Bullied midwives need to keep a file about what is happening to them. This may prove invaluable if, months or years down the road they are asked to produce evidence of what was happening. Furthermore, a contemporaneous record of an incident carries greater weight in any future enquiry than a statement of what a midwife has remembered of an incident. If a midwife is told that she must not speak to anyone about what is happening, remember there are always consumer organisations or individuals who can speak out on her behalf.
In a recent case, the midwife was so naive and cowed by threats of confidentiality she did not even give her lawyer a copy of the Trust's allegations, and was then surprised when they ran rings around him and succeeded in persuading her to resign. Which is another point, never resign. By resigning they have won, they have got rid of a thorn in their sides and are then free to pick off the next one. In a bullying culture the bullies make sure they select a group of compliant colleagues and when they find a less compliant midwife in their midst they develop strategies to get rid of them.
The problems in midwifery are compounded by the fact that throughout the world large centralised maternity units suffer staff shortages. One reason for this is administrator's failure to recognise that good midwifery cannot be offered on a shoestring and the costs of poor care delivered by overworked and emotionally burnt out midwives are reflected in the law courts and the high levels of iatrogenia. The irony is that the money is there, the problem is its misuse. Hospitals are more than willing to spend millions of pounds on fancy new equipment, or even old equipment, much of which is overused and inappropriate. This policy must also be challenged.
AIMS has always maintained that the only way we are going to improve maternity care for the benefit of all mothers and babies is by ensuring that the majority of women are cared for by midwives who carry their own case loads and offer continuity of care. If midwifery is to be strengthened it has to have its own independent status, and a Midwives Act is essential.

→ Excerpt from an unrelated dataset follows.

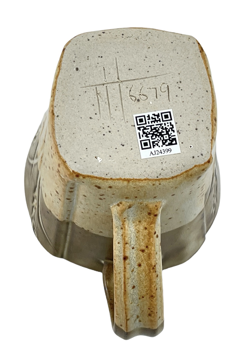 Technique: Hand-rolled and assembled, engobed inside and top outside, incised, dip-glazed

To win these battles - against our own fears, against bullies, against staff shortages and the declining standard of education - every single midwife has to address that which she knows is wrong with the current provision of care. Midwives, wherever they work, be it in centralised maternity units, the community or in independent practice have to support each other, and the profession has to address and help those who are threatened by the changes. Midwives need to foster contact and support for those medical practitioners who do support midwifery, they are a rare breed and deserve support and encouragement, and most of all midwives have to continue to inform women so that they continue to give their support and speak out where necessary. By working together midwives and parents will be able to counter the medical professions determination to undermine midwifery's considerable achievements.

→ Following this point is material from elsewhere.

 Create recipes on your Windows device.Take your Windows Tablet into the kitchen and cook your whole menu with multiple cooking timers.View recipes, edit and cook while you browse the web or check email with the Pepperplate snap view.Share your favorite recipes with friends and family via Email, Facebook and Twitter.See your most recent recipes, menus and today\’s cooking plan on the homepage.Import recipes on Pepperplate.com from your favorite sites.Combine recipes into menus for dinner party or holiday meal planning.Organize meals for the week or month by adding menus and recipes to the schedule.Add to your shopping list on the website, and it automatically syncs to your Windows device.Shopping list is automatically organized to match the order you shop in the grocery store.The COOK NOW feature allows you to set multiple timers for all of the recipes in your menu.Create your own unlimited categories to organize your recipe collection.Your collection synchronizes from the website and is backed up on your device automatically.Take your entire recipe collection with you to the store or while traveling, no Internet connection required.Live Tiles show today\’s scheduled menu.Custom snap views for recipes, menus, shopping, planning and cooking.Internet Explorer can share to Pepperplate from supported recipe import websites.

We know that good midwifery care achieves good outcomes, strong mothers and healthier babies and women worldwide deserve nothing less. Speak up and ensure that the Millennium is a celebration of a strong, independent, financially secure, midwifery profession.
Bunkle, P Second Opinion - The politics of women's health in New Zealand, Oxford University Press, 1988.
Gaskin, IM, Personal communication, 1992
Muirhead L Presidential Address, Harrogate International Centre 1997, Royal College of Midwives, London, May 13
Pearlman S. Developing and Crafting a Vision - A strategic plan for midwifery, NZ College of Midwives Journal, 18, 1998, pp5-9.